_EXERCISE BRIEF_. Exclude the pictures. Transcribe, exactly as written, the lines from the one with "Kona med fast takintäckning" through the end of the entries below.

[Items from a data source]
....................

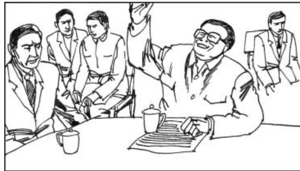
2. 江泽民对媒体的关注近乎一个偏执狂，他代替市委宣传部和市里所有主要媒体的高级编辑开会。历任市长从未有此先例，不过这却成了江的一个例行的主要工作。
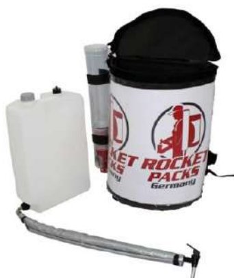
Ilustración: Características del producto para bebidas sin gas
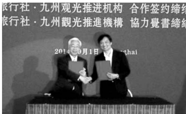
九州観光推進機構は中国の旅行会社28社とMOUを締結した

九州観光推進機構も海外からの誘客活動をさらに強化する方針だ。2023年に九州への外国人入国者数440万人という目標を掲げる。14年の167万人の2倍以上となる数字で、「現状の空路と海路を満席にしても困難な数字」(同)となる。空路の増便なども働きかけ、温泉など九州の魅力
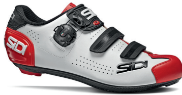
WHITE | BLACK | RED BIANCO / NERO / ROSSO
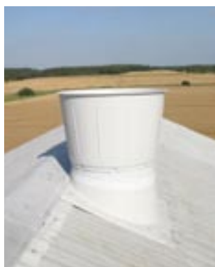
Kona med fast takintäckning
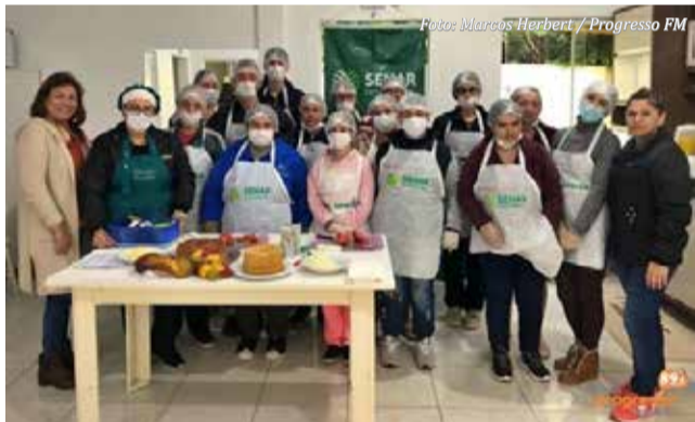
Direção e alunos da APAE que participaram do curso

A APAE de Descanso realizou nesta segunda, 24, e terça-feira, 25, uma atividade especial em parceria com o Serviço Nacional de Aprendizagem Rural (Senar) e com o Sindicato dos Trabalhadores Rurais de São Miguel do Oeste.

....................

_REPLY_.
Kona med fast takintäckning
Direção e alunos da APAE que participaram do curso

A APAE de Descanso realizou nesta segunda, 24, e terça-feira, 25, uma atividade especial em parceria com o Serviço Nacional de Aprendizagem Rural (Senar) e com o Sindicato dos Trabalhadores Rurais de São Miguel do Oeste.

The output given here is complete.